Sunday, October 22, 2000

Rules being made for sharing financial data




By Marcy Gordon
The Associated Press

        WASHINGTON — Federal regulators are seeking public comment on rules spelling out how banks, brokerages and insurers under the same corporate roof must give customers the right to block them from sharing personal financial data.

        An example: banks would not be able to deny consumers credit or charge them higher interest because they asked for their data not to be shared.

        The new rules were published Friday by the Federal Reserve, the Federal Deposit Insurance Corp., the Office of the Comptroller of the Currency and the Office of Thrift Supervision. The latter two agencies are within the Treasury Department.

        Comments from the public are due by Dec. 4.

        “You have a very limited right to privacy” under the new rules, said Edmund Mierzwinski, consumer program director for Public Interest Research Group. Still, he added, “I would strongly encourage all consumers to take advantage” of their right to request that certain kinds of data not be shared.

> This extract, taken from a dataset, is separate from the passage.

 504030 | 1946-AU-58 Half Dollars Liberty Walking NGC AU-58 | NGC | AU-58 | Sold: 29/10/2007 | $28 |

        These include credit history, income information, employment history and marital status — in general, all data related to a consumer's creditworthiness, available credit, character, general reputation, personal characteristics or mode of living, the four agencies said jointly.

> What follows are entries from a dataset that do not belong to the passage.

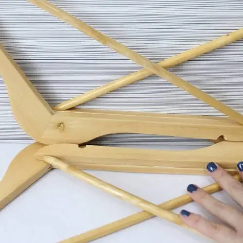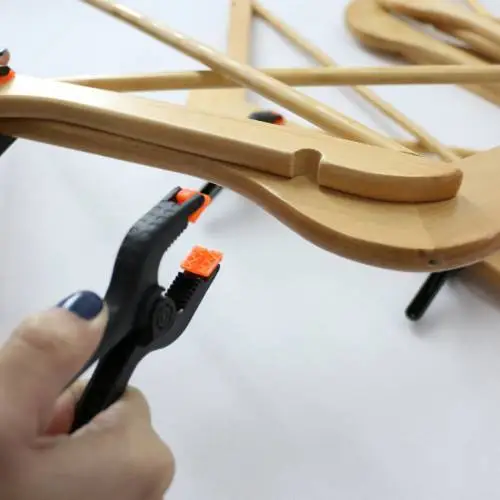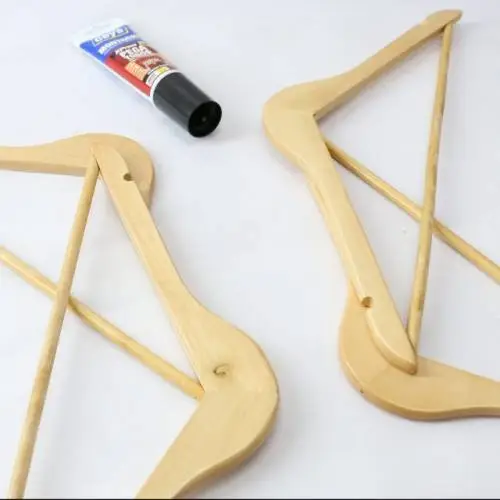 Pegar ambas perchas consiguiendo que la parte de abajo de la percha (dónde colgaríamos el pantalón) forme una X con la otra percha. Al principio el pegamento deja mover las piezas para poder centrarlas lo mejor posible.
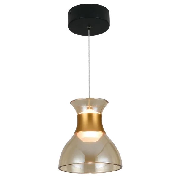 • DESIGN: Integrated LED Pendant with Black canopy, Cognac Glass Shade and Gold element for elegant look
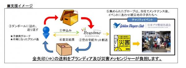 『ブランディア』では、4月22日よりブランド品宅配買取ダンボールの“不用なスキマ”と「送って戻ってくる」宅配買取ならではの“物流の仕組み”を活用して、全国から少年用グローブの寄付を集めておりました。(通常、寄付にかかる国内送料を、当社及び災害支援組織『災害メッセンジャー』が個人消費者に代わって全額負担)
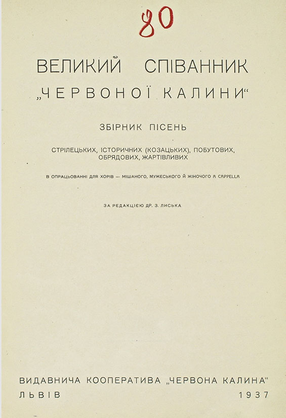 До речі, пісенні надбання були дуже популярними у той час. Зокрема, «Великий Співанник „Червоної Калини“» 1937 року став чи не найкращим нотним виданням. Його наклад сягнув 3 тисяч примірників. Упорядником і редактором був Зіновій Лисько, композитор, музикознавець, доброволець Легіону Українських Січових Стрільців. Це збірник обробок стрілецьких і історичних (козацьких), побутових, обрядових, жартівливих народних пісень для мішаного, чоловічого і жіночого хорів. Загалом 229 творів 14 українських композиторів (Василя Барвінського, Михайла Гайворонського, Миколи Колесси, Бориса Кудрика, Зиновій Лиська, Станіслава Людкевича, Нестора Нижанківського, Антіна Рудницького, Романа Сімовича, Миколи Лисенка, Миколи Леонтовича, Кирила Стеценка, Пилипа Козицького, Михайла Вериківського. Цікавим і промовистим фактом є заборона польською цензурою друку пісні Романа Купчинського «Ой, та й зажурились стрільці січовії».
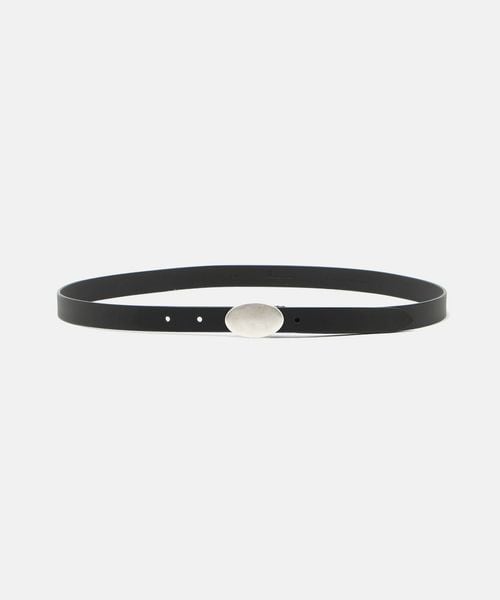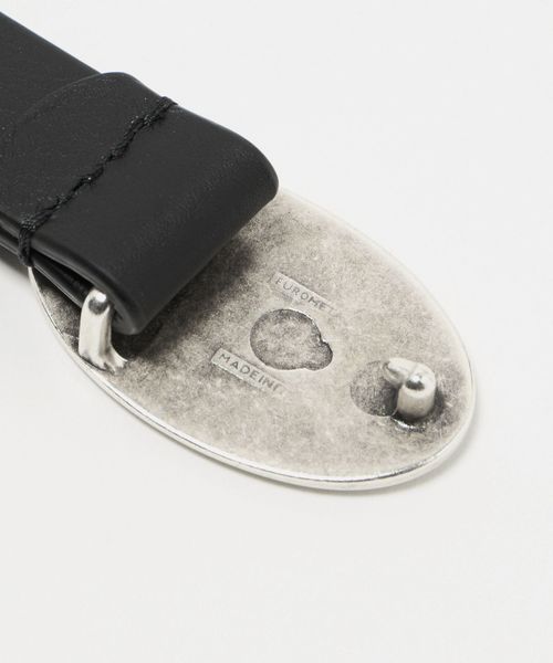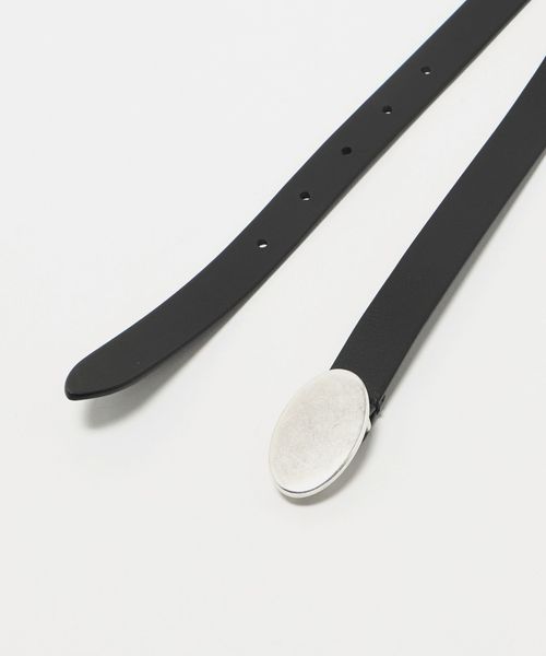 ネイティブアメリカンジュエリーにインスパイアを受けた、洗練されたオーバル型バックルとレザーを組み合わせたナローベルト。

        Under the proposed rules, financial companies wishing to share such information with affiliated firms must first give consumers a notice telling them of their right to block such sharing by written request. They also would be required to give consumers “a reasonable opportunity and convenient means to exercise this right,” the agencies said.

        Send comments to Mary M. West, Federal Reserve Board Clearance Officer, Mailstop 97, Board of Governors of the Federal Reserve System, Washington, D.C. 20551.